La Tartarie dans l’imaginaire occidental
Pendant des siècles, la Tartarie a occupé une place importante dans l’imaginaire européen. Terre lointaine et mystérieuse, elle était souvent dépeinte de manière fantasmée dans les récits de voyage et les cartes de l’époque.
Cartographie de la Tartarie
Les cartographes européens ont longtemps lutté pour représenter fidèlement cette vaste région. En 1806, le cartographe britannique John Cary produisit une carte distinguant la Tartarie indépendante de la Tartarie chinoise, tentative notable de clarifier la géographie de cette zone méconnue.
Récits et descriptions
Des ouvrages comme « La Chine illustrée » d’Athanasius Kircher et « Description géographique, historique, chronologique, politique et physique de l’empire de la Chine et de la Tartarie chinoise » de Jean-Baptiste Du Halde ont grandement contribué à façonner la perception occidentale de la Tartarie.
La fin de la Tartarie
Le concept de Tartarie s’est progressivement effacé à la fin du XIXe siècle, avec la colonisation russe de l’Asie centrale et l’expansion de l’Empire chinois. Les territoires de l’ancienne Tartarie ont été intégrés à différents pays :
- La Mongolie est devenue un État indépendant
- Le Turkestan chinois a été incorporé à la Chine (actuel Xinjiang)
- Le Kazakhstan, le Kirghizistan, l’Ouzbékistan et le Tadjikistan sont devenus des républiques soviétiques avant d’accéder à l’indépendance
Explorer la Tartarie aujourd’hui
Bien que la Tartarie n’existe plus en tant que telle, il est possible de partir sur les traces de cette fascinante civilisation :
Sites incontournables
- La ville de Kazan en Russie, ancienne capitale du khanat tartare
- La Grande Muraille de Chine, construite en partie pour se protéger des invasions tartares
- Les steppes de Mongolie, cœur de l’ancien empire tartare
- La ville de Samarkand en Ouzbékistan, joyau de l’architecture timouride
Musées et expositions
De nombreux musées en Asie centrale et en Russie présentent des collections d’objets et d’artefacts tartares, offrant un aperçu fascinant de cette civilisation disparue.

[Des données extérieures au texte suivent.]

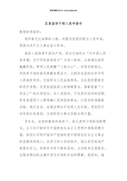 【七哥公文】2025年:【七哥公文】区局宣传干部入党申请书+更多免费公文+VX:QiGeGongWen2024+更多免费公文+VX:QiGeGongWen2024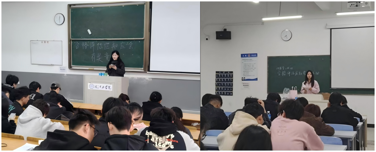 学院依托“学习通”数据平台,发布“合格评估应知应会”测验。试题紧扣评估要点,全面考察学生对校史校情、评估目标、行为规范等知识的掌握情况。根据答题成绩与用时评选出前20%的学生发放小礼品。激发了学生的积极性与荣誉感,鼓励学生要以实际行动展现良好学风,为学校争光添彩。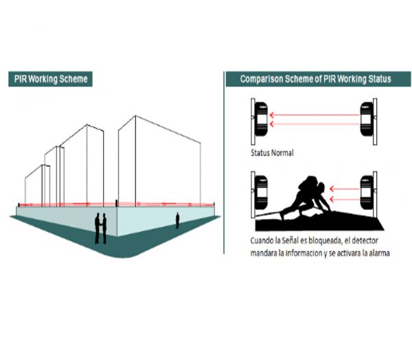 El este detector infrarrojo de iHorn modelo ABT60 activo consta de dos haz de luz, construidos con tecnología inteligente, con una sensibilidad ajustable de 50 a 250 m/s, puede ser adaptable para diferentes entornos.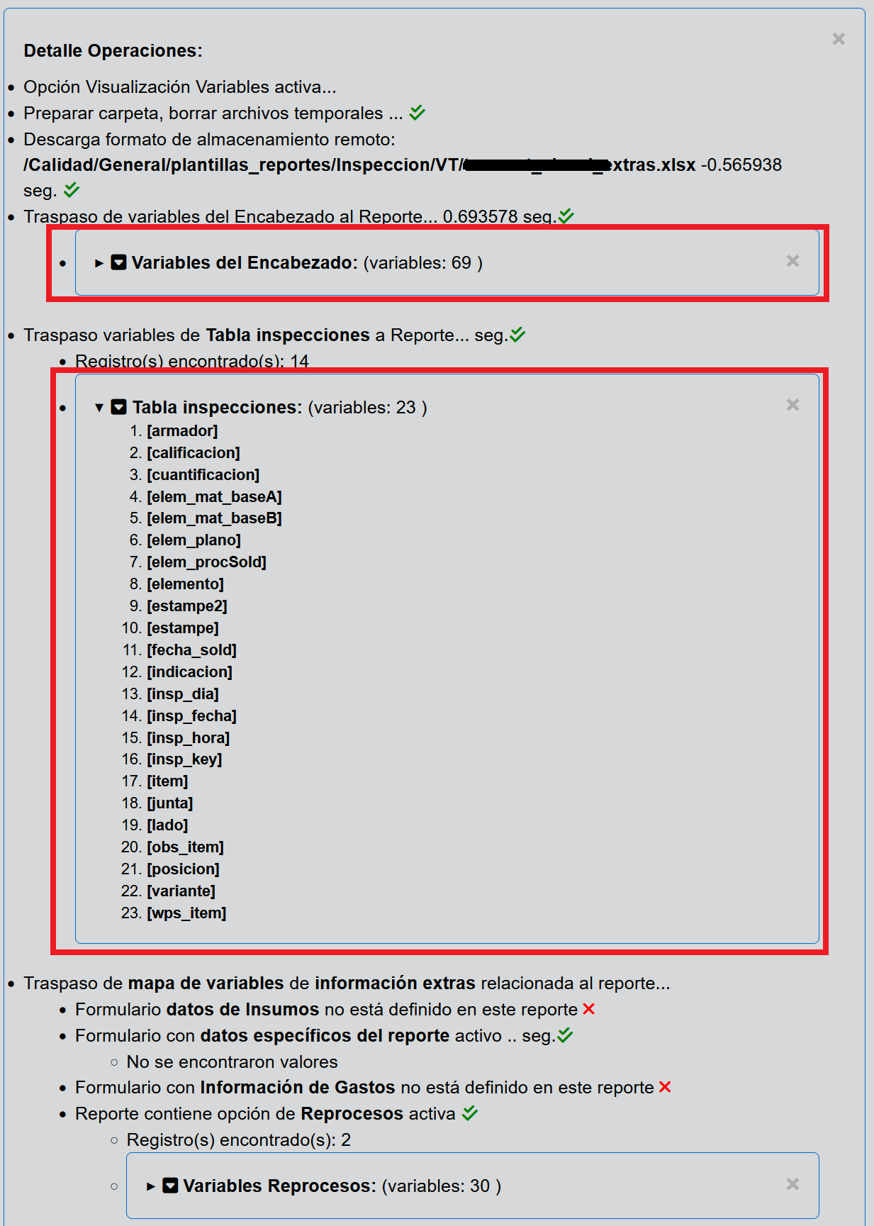 De la imagen anterior se aprecia 2 recuadros en color rojo, el primero no está extendido el listado de variables, mientras que en el segundo si. En el segundo se pueden visualizar todas las variables empleadas para ese ítem.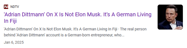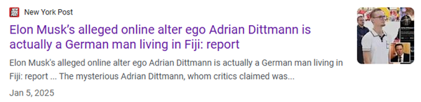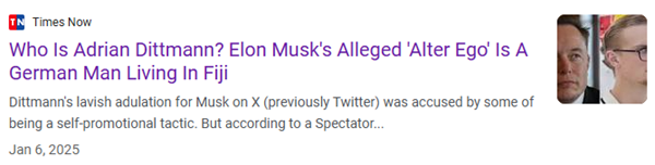 All in all, the big scoop on Dittmann, as presented by Maia or as filtered through Jacqueline Sweet – is that Adrian Dittmann, son of Toralf Dittmann, is a real guy living in Fiji, and I maintain that Elon Musk is borrowing his identity. Nothing in either the blog entry or the Spectator story disproves what I can hear with my own ears.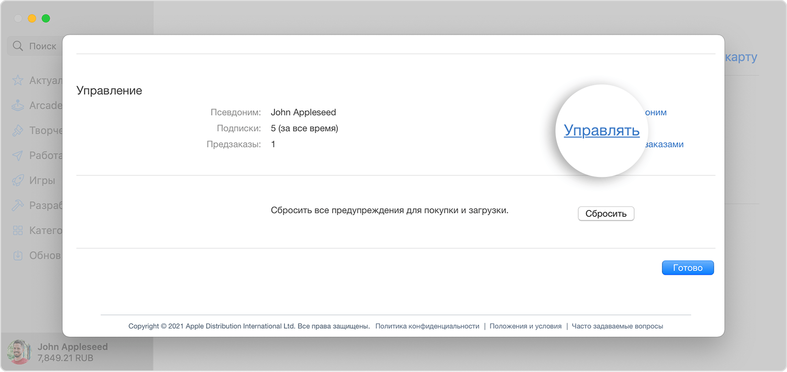 Чтобы отменить Apple Arcade на Mac: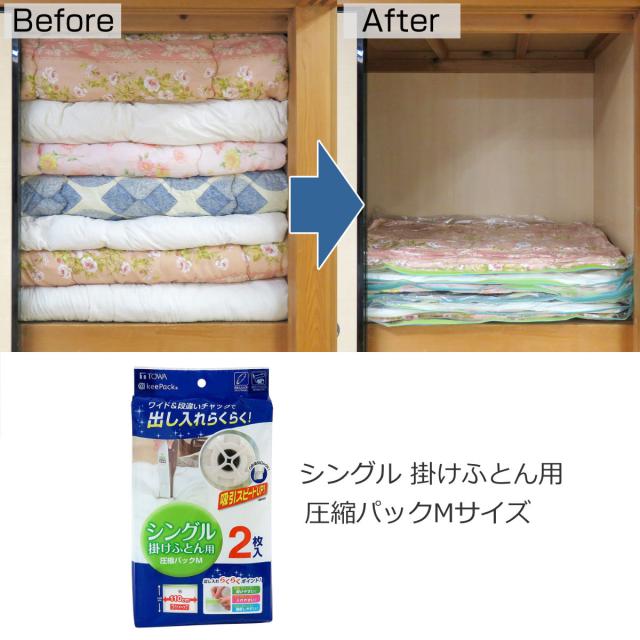 ●圧縮袋Mの収納目安はシングルサイズの掛け布団なら1枚、肌掛け布団なら2〜3枚です。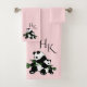 Panda mama est assis à manger du bambou pendant que bébé fait comme bébé panda voit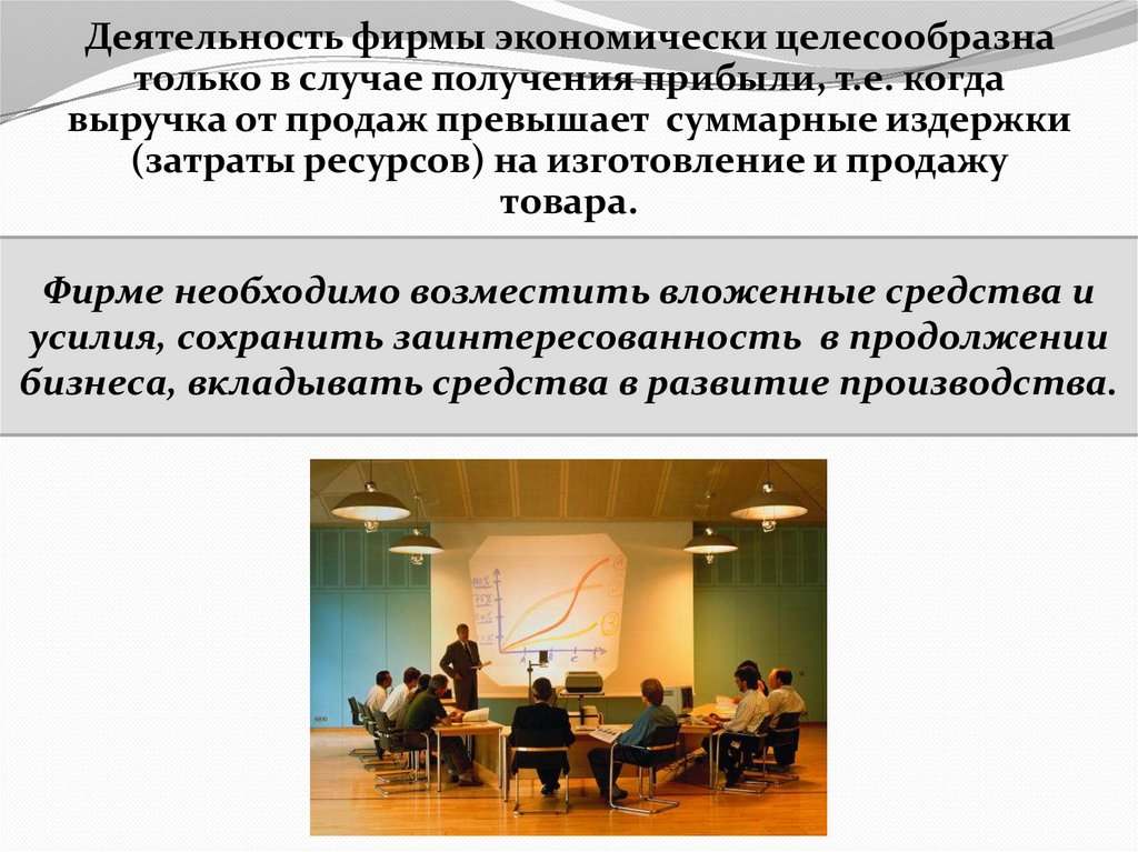 Деятельность фирмы экономически целесообразнатолько в случае получения прибыли, т.е. когда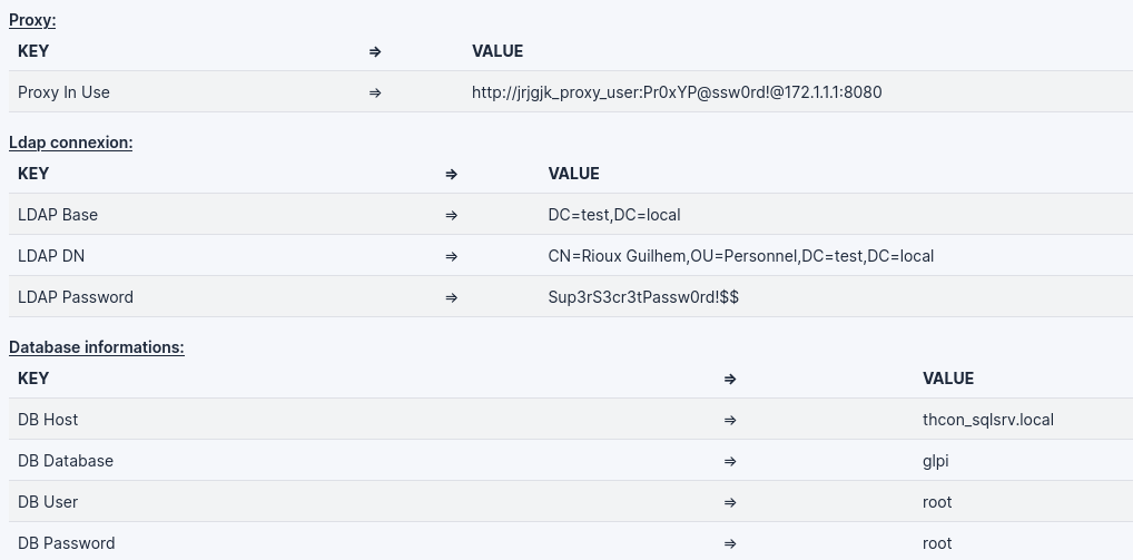 Obviously creating a dedicated web shell is not necessary, but it can be useful on GLPI to access some hidden variables. As said previously, this application is often bound to Active Directory through LDAP. So an account is used that sometimes has privileges. In this case, it is actually nice to gather those credentials. Also, GLPI might require internet access in order to check for updates or install plugins through the marketplace. A proxy can be set up with credentials to access the web.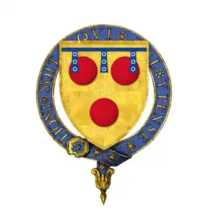 Although Vivian (1895)[4] and Richardson (2011) and others suggest that the Sir "Hugh Courtenay" who was one of the founding members of the Order of the Garter was Hugh Courtenay, 10th Earl of Devon (1303–1377),[5] Complete Peerage,[6] follows Beltz, who correctly states that the founding member was the 10th Earl's eldest son and heir apparent, Sir Hugh Courtenay (died 1349), the subject of this article, citing the latter's service in France in 1346, his presence at the siege of Calais in 1347 in the company of his uncle, William de Bohun, 1st Earl of Northampton (died 1360), and his prowess at a tournament at Eltham Palace later that year in which he received from the King, 'as his guerdon, a hood of white cloth, buttoned with large pearls, and embroidered with figures of men in dancing postures'. Beltz also notes more pertinently that William de Bohun, 1st Earl of Northampton (c. 1310 – 1360) succeeded to Sir Hugh Courtenay's stall at Windsor, and since Northampton died in 1360, while Hugh Courtenay, 10th Earl of Devon, lived until 1377, Northampton could not have been successor to the 10th Earl of Devon in the Order of the Garter, and must therefore have been successor to Sir Hugh Courtenay, the 10th Earl of Devon's son, who died in 1348.[7]

L’héritage vivant de la Tartarie
Bien que la Tartarie ait disparu des cartes, son héritage reste vivace dans toute l’Asie centrale. Les traditions nomades, l’artisanat, la musique et la gastronomie perpétuent l’esprit de cette ancienne civilisation. Les fêtes traditionnelles, comme le Naadam en Mongolie, offrent un aperçu saisissant de la culture tartare.
L’étude de la Tartarie nous rappelle la fluidité des frontières et des identités en Asie centrale. Cette région, carrefour de civilisations, continue de fasciner par sa richesse culturelle et son histoire mouvementée. Alors que le monde se tourne de plus en plus vers l’Asie, redécouvrir l’histoire de la Tartarie permet de mieux comprendre les dynamiques complexes qui façonnent cette partie du monde.